- [WORK REQUIRED]
Set down, word for word, every line of the material below from the one containing "2014年5月26日下午,A" through the one containing "Top- Forever 21/", but none of its pictures.

- [SUPPLIED RECORDS]
|---|

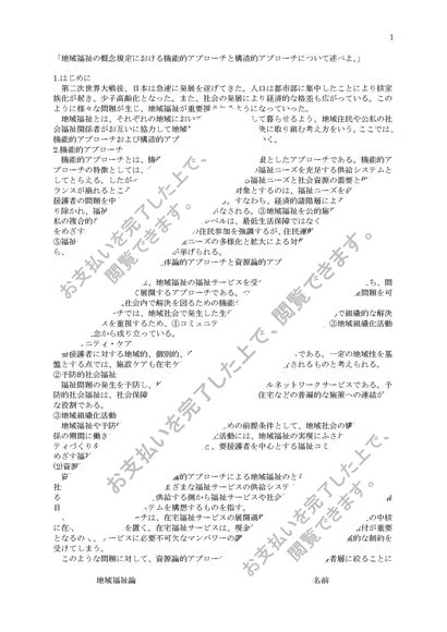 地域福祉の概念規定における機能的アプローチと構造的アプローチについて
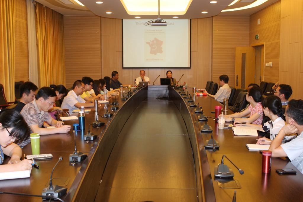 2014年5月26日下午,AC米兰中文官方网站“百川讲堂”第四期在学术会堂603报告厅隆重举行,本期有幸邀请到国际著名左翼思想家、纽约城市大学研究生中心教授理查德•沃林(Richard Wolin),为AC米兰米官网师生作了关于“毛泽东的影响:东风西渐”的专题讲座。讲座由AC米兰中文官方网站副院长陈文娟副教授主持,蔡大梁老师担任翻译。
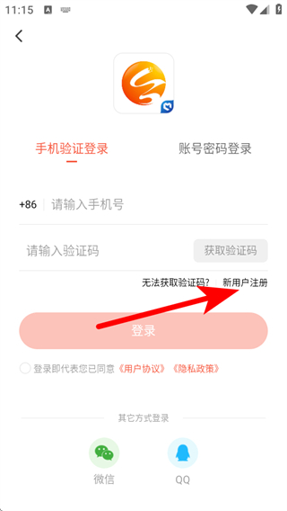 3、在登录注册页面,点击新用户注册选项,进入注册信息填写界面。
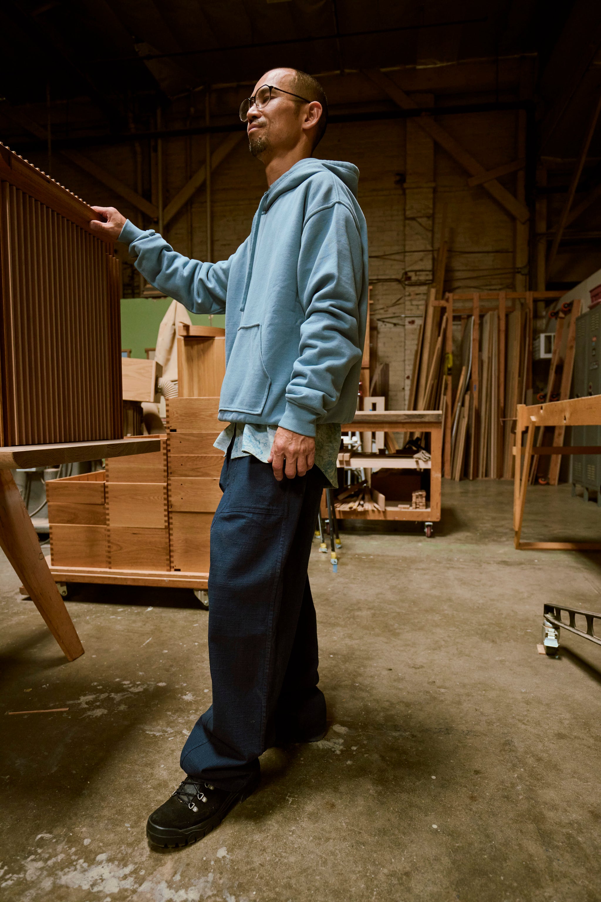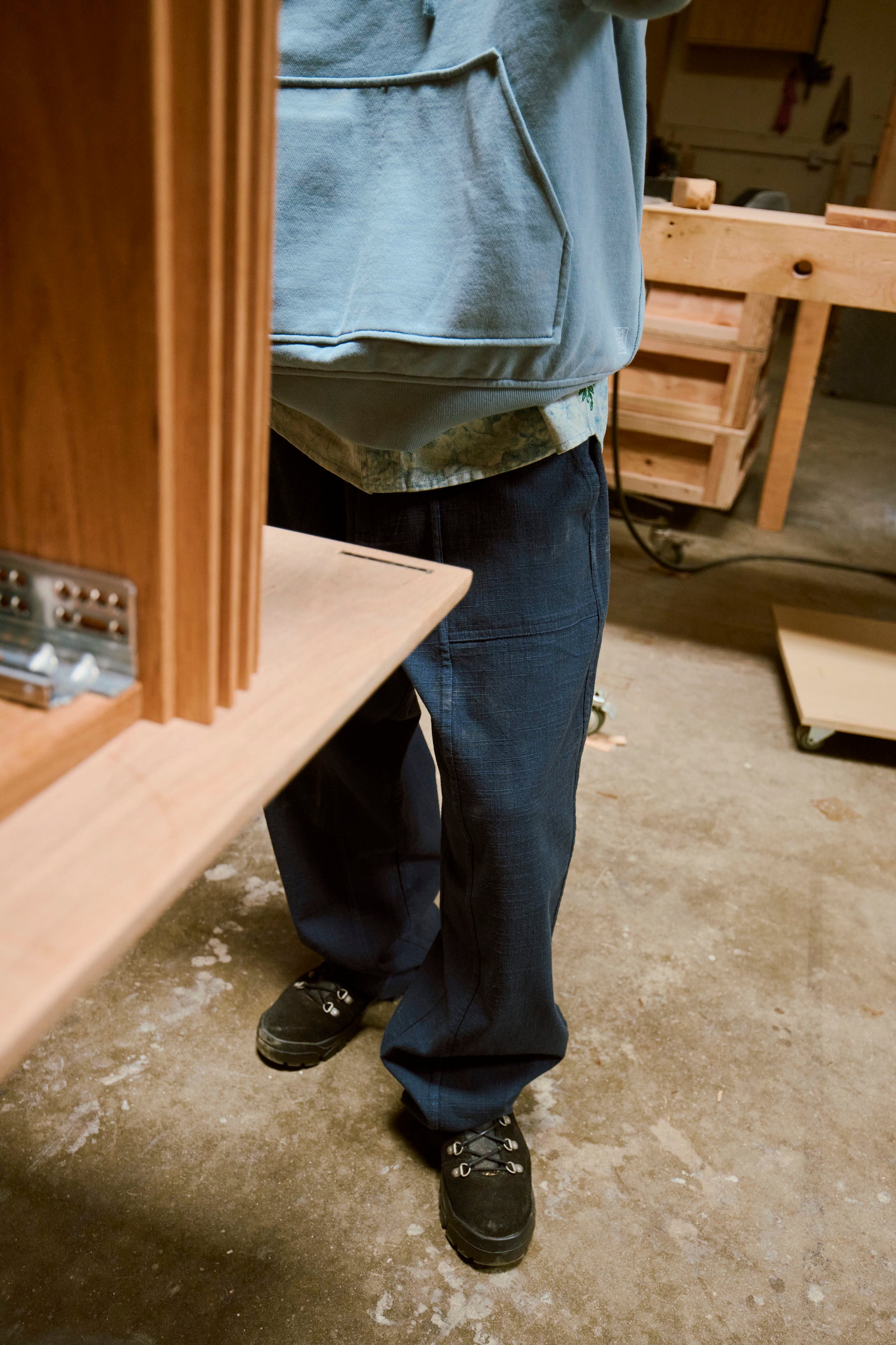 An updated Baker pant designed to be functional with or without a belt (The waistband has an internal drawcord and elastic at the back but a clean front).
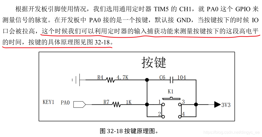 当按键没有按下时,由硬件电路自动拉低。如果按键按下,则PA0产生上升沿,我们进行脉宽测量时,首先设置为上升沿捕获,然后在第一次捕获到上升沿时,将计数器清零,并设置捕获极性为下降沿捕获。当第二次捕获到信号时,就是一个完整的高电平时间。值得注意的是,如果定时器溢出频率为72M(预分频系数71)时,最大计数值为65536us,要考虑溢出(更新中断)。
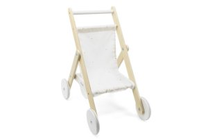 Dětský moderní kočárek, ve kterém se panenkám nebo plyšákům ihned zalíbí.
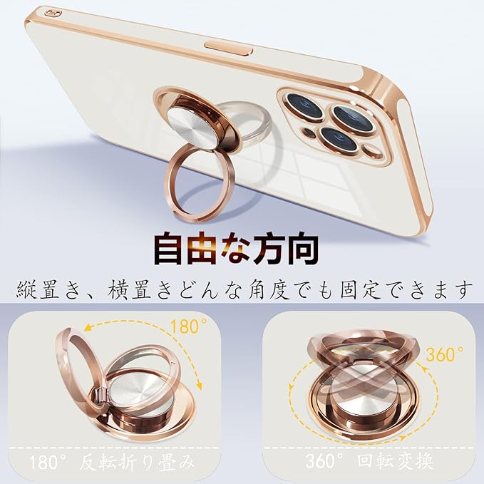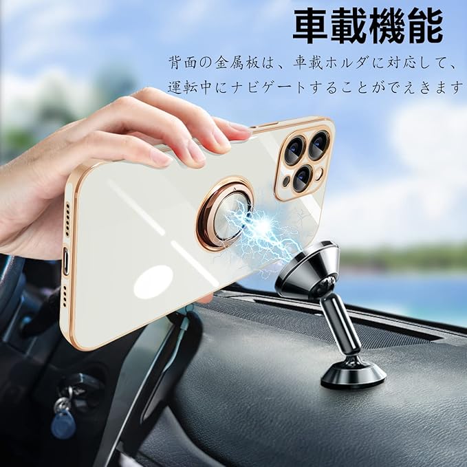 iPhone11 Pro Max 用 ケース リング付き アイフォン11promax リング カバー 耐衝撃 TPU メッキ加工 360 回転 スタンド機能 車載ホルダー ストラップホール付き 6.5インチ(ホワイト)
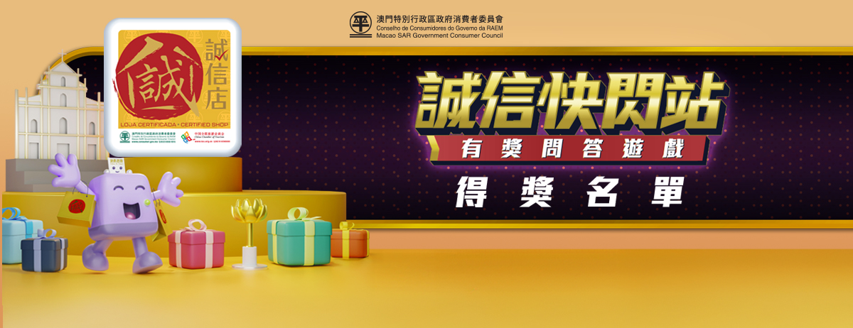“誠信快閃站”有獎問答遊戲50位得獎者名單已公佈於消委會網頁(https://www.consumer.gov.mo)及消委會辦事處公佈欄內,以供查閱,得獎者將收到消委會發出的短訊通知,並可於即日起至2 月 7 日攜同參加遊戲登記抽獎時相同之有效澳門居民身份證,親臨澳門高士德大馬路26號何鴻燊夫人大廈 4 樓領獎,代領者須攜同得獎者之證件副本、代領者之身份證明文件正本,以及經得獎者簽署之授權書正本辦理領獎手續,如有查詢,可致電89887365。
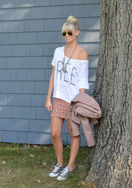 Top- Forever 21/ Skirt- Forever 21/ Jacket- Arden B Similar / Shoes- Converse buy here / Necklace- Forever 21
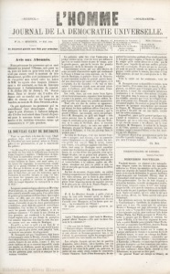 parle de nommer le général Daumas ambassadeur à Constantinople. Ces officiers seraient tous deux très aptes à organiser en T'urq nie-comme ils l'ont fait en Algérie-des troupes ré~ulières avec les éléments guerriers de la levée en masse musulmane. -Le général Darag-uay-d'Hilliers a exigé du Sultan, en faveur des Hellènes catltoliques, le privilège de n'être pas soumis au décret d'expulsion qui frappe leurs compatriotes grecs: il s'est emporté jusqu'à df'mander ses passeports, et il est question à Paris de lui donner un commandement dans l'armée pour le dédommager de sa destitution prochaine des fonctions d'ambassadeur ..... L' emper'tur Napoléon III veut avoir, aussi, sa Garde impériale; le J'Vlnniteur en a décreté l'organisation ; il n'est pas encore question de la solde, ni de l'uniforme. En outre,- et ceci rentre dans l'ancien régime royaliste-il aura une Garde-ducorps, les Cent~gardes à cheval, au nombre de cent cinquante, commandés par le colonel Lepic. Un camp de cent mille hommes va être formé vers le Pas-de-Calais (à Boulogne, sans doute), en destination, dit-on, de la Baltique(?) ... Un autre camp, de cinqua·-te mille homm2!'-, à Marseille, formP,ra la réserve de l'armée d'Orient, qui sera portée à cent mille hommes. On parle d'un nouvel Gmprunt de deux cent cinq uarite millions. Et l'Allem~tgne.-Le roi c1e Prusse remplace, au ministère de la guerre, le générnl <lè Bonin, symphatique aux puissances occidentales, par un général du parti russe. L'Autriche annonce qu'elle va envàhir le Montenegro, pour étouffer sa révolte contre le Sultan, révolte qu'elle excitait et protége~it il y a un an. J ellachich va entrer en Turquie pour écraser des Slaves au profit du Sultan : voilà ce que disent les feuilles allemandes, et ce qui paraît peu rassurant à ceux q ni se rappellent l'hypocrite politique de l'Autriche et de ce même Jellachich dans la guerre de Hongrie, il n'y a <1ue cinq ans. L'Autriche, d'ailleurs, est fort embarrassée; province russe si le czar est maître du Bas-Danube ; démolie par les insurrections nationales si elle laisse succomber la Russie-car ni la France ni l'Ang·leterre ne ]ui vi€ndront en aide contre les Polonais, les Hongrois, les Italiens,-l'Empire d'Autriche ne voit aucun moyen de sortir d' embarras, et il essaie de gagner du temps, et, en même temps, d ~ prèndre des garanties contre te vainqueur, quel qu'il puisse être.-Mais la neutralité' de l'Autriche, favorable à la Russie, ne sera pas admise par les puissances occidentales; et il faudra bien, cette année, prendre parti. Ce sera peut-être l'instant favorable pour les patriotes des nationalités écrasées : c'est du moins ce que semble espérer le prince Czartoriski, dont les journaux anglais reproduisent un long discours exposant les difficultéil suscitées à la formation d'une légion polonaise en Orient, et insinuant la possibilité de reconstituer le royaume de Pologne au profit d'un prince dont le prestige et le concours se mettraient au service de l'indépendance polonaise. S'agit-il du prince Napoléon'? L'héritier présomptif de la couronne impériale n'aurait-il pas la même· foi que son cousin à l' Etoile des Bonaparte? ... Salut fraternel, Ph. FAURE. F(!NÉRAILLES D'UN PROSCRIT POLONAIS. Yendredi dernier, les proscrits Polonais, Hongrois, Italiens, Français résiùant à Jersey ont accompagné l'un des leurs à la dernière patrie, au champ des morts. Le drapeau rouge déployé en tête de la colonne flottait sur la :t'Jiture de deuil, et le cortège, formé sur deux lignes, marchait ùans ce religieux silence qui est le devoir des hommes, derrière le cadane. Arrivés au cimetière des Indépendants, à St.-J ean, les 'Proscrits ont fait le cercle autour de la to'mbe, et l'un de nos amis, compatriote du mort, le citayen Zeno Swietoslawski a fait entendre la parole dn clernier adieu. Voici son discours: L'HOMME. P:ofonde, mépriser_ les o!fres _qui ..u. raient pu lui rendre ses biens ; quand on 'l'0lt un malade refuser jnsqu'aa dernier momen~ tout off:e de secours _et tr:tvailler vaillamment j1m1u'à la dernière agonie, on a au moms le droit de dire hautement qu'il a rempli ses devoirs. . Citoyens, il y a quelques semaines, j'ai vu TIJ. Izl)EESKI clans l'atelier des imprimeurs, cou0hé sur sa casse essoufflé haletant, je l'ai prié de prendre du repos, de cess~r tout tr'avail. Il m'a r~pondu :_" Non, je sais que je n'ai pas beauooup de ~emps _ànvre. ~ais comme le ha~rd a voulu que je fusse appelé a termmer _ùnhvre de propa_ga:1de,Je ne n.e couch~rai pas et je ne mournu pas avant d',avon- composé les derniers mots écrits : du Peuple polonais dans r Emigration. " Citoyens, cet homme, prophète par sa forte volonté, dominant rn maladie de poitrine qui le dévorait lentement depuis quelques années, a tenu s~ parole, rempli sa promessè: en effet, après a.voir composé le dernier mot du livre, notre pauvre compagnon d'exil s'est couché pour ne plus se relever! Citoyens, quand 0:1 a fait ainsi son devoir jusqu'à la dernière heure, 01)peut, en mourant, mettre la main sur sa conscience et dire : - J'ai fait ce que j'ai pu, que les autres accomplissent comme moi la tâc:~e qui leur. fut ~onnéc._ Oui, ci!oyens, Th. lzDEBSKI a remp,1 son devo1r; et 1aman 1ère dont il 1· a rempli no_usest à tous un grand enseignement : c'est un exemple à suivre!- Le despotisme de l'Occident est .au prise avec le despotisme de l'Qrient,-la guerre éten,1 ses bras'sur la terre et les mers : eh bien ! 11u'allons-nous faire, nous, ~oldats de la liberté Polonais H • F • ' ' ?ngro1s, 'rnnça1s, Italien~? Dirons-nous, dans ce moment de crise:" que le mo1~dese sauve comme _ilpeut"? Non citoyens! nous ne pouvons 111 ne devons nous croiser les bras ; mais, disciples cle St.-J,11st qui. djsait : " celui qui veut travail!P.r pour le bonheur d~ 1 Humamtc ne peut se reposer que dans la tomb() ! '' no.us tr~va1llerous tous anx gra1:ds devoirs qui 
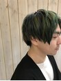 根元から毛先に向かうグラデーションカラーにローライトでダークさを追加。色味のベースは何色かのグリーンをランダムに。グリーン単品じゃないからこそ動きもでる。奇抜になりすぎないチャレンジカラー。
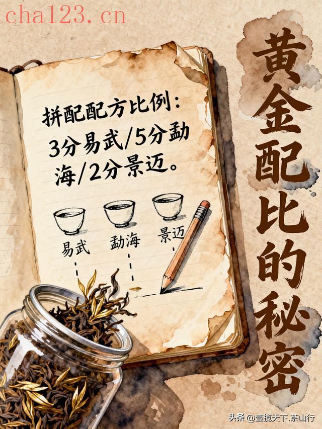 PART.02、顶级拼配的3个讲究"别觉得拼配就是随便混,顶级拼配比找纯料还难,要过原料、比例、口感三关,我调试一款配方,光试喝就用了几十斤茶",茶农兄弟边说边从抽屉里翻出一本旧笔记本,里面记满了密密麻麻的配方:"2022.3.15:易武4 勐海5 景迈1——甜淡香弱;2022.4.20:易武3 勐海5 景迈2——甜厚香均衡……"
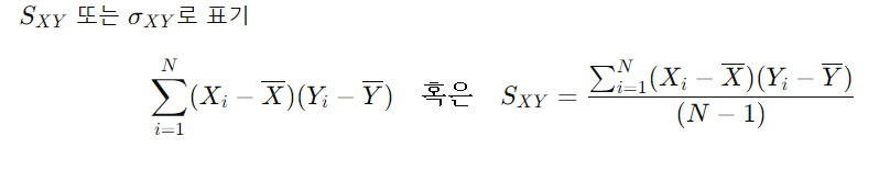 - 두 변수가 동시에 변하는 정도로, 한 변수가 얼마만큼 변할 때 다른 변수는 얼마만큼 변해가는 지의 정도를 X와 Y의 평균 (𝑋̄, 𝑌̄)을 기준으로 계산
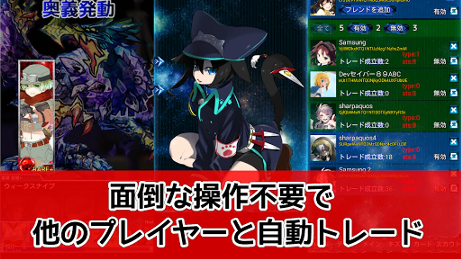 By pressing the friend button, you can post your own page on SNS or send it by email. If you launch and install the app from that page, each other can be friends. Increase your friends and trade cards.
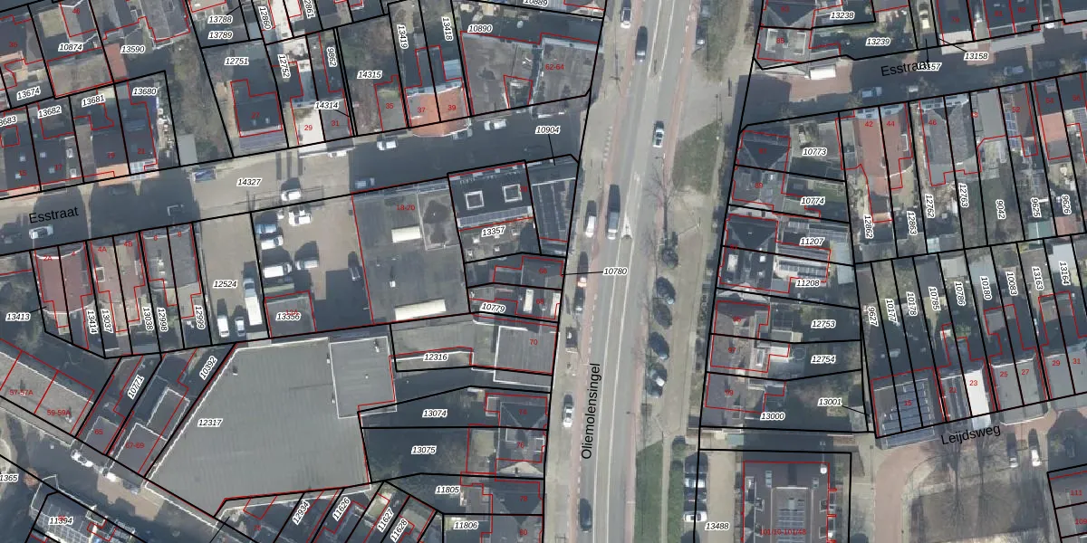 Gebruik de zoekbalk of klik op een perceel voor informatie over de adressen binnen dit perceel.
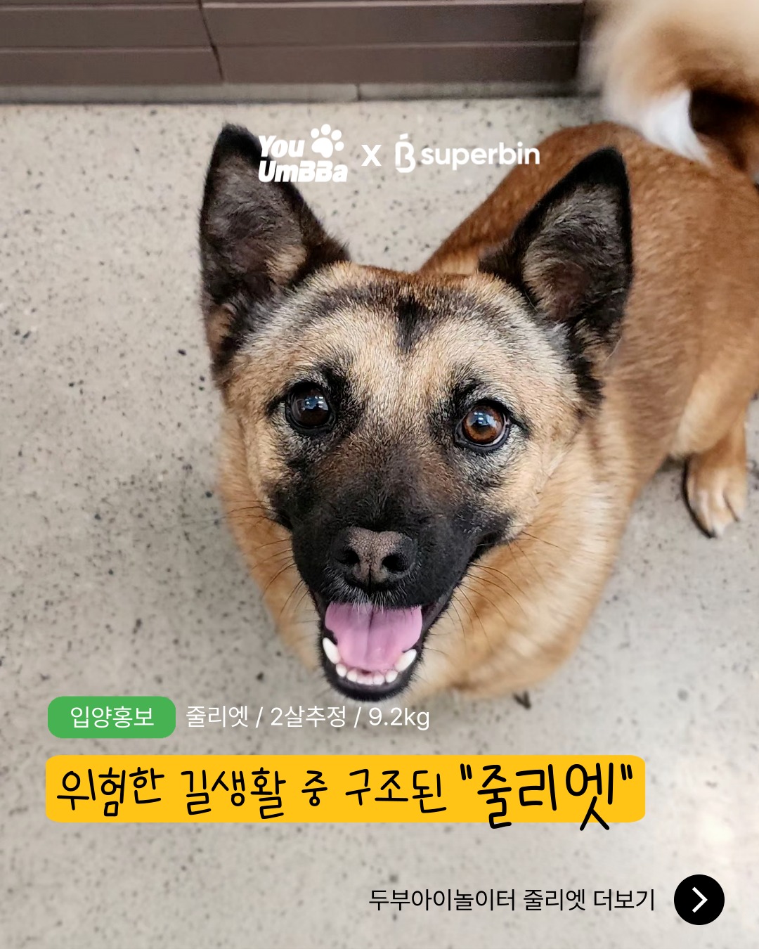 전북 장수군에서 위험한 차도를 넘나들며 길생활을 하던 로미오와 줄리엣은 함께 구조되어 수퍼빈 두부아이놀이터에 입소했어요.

|---|

- [SOLUTION FOR THIS TASK]
 2014年5月26日下午,AC米兰中文官方网站“百川讲堂”第四期在学术会堂603报告厅隆重举行,本期有幸邀请到国际著名左翼思想家、纽约城市大学研究生中心教授理查德•沃林(Richard Wolin),为AC米兰米官网师生作了关于“毛泽东的影响:东风西渐”的专题讲座。讲座由AC米兰中文官方网站副院长陈文娟副教授主持,蔡大梁老师担任翻译。
 3、在登录注册页面,点击新用户注册选项,进入注册信息填写界面。
 An updated Baker pant designed to be functional with or without a belt (The waistband has an internal drawcord and elastic at the back but a clean front).
 当按键没有按下时,由硬件电路自动拉低。如果按键按下,则PA0产生上升沿,我们进行脉宽测量时,首先设置为上升沿捕获,然后在第一次捕获到上升沿时,将计数器清零,并设置捕获极性为下降沿捕获。当第二次捕获到信号时,就是一个完整的高电平时间。值得注意的是,如果定时器溢出频率为72M(预分频系数71)时,最大计数值为65536us,要考虑溢出(更新中断)。
 Dětský moderní kočárek, ve kterém se panenkám nebo plyšákům ihned zalíbí.
 iPhone11 Pro Max 用 ケース リング付き アイフォン11promax リング カバー 耐衝撃 TPU メッキ加工 360 回転 スタンド機能 車載ホルダー ストラップホール付き 6.5インチ(ホワイト)
“誠信快閃站”有獎問答遊戲50位得獎者名單已公佈於消委會網頁(https://www.consumer.gov.mo)及消委會辦事處公佈欄內,以供查閱,得獎者將收到消委會發出的短訊通知,並可於即日起至2 月 7 日攜同參加遊戲登記抽獎時相同之有效澳門居民身份證,親臨澳門高士德大馬路26號何鴻燊夫人大廈 4 樓領獎,代領者須攜同得獎者之證件副本、代領者之身份證明文件正本,以及經得獎者簽署之授權書正本辦理領獎手續,如有查詢,可致電89887365。
 Top- Forever 21/ Skirt- Forever 21/ Jacket- Arden B Similar / Shoes- Converse buy here / Necklace- Forever 21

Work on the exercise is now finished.